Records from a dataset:
++++++++++++++++++++
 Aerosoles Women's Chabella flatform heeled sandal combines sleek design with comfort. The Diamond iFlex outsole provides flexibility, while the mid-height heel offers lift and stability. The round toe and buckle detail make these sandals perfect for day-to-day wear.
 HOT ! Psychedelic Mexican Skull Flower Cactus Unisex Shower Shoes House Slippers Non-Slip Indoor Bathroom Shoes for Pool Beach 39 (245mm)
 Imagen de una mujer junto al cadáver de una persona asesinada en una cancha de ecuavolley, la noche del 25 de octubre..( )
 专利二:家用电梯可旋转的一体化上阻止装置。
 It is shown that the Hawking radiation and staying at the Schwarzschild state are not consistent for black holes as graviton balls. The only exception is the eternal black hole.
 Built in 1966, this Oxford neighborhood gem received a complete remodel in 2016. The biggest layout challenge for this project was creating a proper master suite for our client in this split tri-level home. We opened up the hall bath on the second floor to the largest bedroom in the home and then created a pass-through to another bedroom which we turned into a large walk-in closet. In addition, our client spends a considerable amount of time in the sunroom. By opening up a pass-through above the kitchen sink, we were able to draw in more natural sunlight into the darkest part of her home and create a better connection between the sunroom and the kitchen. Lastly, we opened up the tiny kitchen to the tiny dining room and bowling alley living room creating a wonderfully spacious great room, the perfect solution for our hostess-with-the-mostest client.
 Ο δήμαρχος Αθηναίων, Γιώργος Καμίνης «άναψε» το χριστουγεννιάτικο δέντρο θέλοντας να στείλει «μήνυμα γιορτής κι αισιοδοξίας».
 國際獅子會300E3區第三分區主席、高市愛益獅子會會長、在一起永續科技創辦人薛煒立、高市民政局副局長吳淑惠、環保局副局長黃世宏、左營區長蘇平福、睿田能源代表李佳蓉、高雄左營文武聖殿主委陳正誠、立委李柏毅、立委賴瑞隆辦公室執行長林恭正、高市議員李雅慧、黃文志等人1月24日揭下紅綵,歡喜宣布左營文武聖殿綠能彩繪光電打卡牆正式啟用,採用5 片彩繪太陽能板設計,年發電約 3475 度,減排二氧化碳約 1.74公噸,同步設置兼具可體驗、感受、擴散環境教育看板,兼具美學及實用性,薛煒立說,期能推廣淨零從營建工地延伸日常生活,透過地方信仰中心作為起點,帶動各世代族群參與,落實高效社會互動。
++++++++++++++++++++
> **ASSIGNMENT**: Reproduce exactly what appears from the line containing "Ο δήμαρχος Αθηναίων, Γιώργος" down to the final line of the data.

> **REPLY**:
 Ο δήμαρχος Αθηναίων, Γιώργος Καμίνης «άναψε» το χριστουγεννιάτικο δέντρο θέλοντας να στείλει «μήνυμα γιορτής κι αισιοδοξίας».
 國際獅子會300E3區第三分區主席、高市愛益獅子會會長、在一起永續科技創辦人薛煒立、高市民政局副局長吳淑惠、環保局副局長黃世宏、左營區長蘇平福、睿田能源代表李佳蓉、高雄左營文武聖殿主委陳正誠、立委李柏毅、立委賴瑞隆辦公室執行長林恭正、高市議員李雅慧、黃文志等人1月24日揭下紅綵,歡喜宣布左營文武聖殿綠能彩繪光電打卡牆正式啟用,採用5 片彩繪太陽能板設計,年發電約 3475 度,減排二氧化碳約 1.74公噸,同步設置兼具可體驗、感受、擴散環境教育看板,兼具美學及實用性,薛煒立說,期能推廣淨零從營建工地延伸日常生活,透過地方信仰中心作為起點,帶動各世代族群參與,落實高效社會互動。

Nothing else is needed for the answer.